Wednesday, 16 June 2021

Common Agricultural Policy: Statements

 

3:32 pm

Photo of Michael MoynihanMichael Moynihan (Cork North West, Fianna Fail) | Oireachtas source

I welcome the opportunity to contribute to the debate. I am a suckler and beef farmer. We are at a crucial moment in agriculture. We have to use the Common Agricultural Policy to pay money to farmers to make sure there is food on the table, as was the case with the CAP many years ago. We must also pay tribute to the many farmers the length and breadth of the country who produce a world-class product that we are able to sell into any market in the world. We can stand over our products. This did not come easily. It came through the hard graft of farmers who embraced a huge amount of regulation. They embrace it every morning they get up and every day they do their work.
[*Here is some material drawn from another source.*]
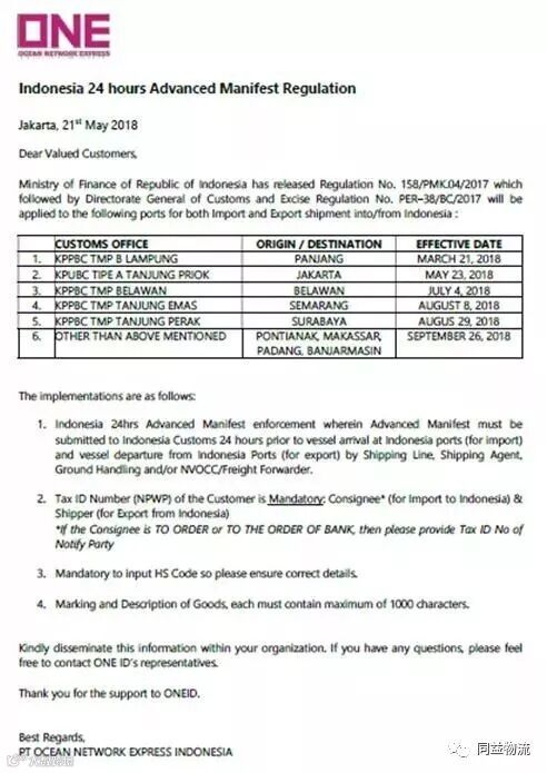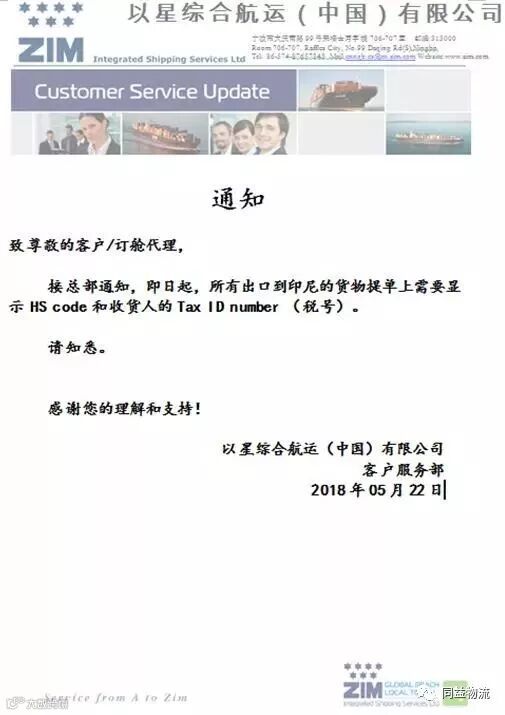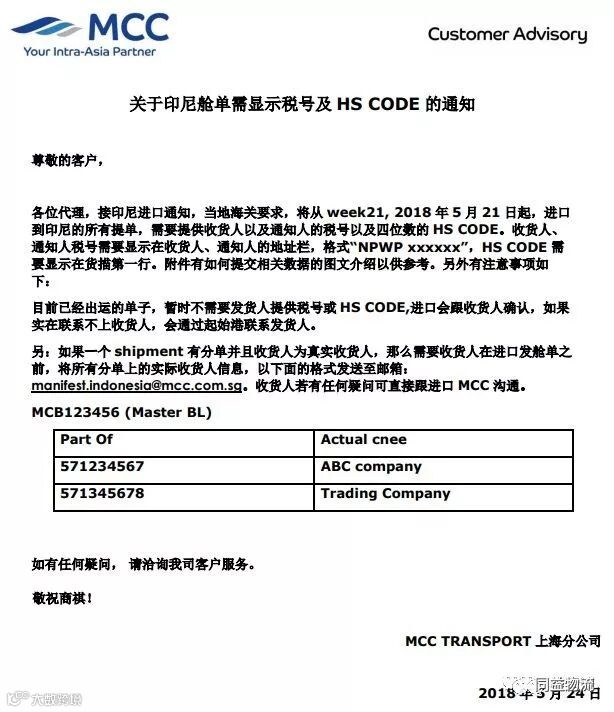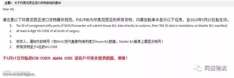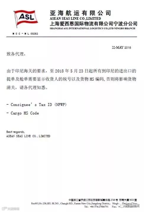 接印尼进口通知,当地海关要求,进口到印尼的所有提单,需要提供收货人以及通知人的税号以及四位数的HS CODE。否则将无法发送目的港海关舱单且收货人无法正常清关。

Within the Common Agricultural Policy, it is important to ensure the family farm is made as sustainable as possible. It is a vital cog throughout the country. In my area of north-west Cork, and throughout Duhallow in north Cork, it is vital that there is a future for the family farm and that young people are encouraged to believe there is a future in farming to which they can look forward. This has to be the cornerstone of the discussions we have and the final package that comes from Brussels.

The eco-schemes have to be well funded. Since the REPS was introduced approximately 25 years ago, many successful changes have taken place at the farm gate. Farmers have embraced these and we have seen huge improvements in the environment throughout the country. No matter what report or audit is done by the European Commission, Ireland or anybody else, it shows the money spent on eco-schemes has been used successfully to improve the environment. Farmers are the custodians of the environment and they have done very well with this over the years. It is very important there is a fundamental good and decent scheme that is well funded and can ensure farmers continue to do this. We must also recognise that we must not have regulation that is too cumbersome and that there is a streamlined scheme. Whatever final package is available, we must make sure we have at its core the family farm and that there is a proper workable eco-scheme for farmers.

I could debate this all day but there is only a short time available to me. We are at a crucial point in agriculture and we must make sure that we have to the forefront our biggest national indigenous industry, as other speakers have said, not only for the farm but also for the rural economy. The benefits of that cannot be measured merely in terms of having a viable agricultural industry.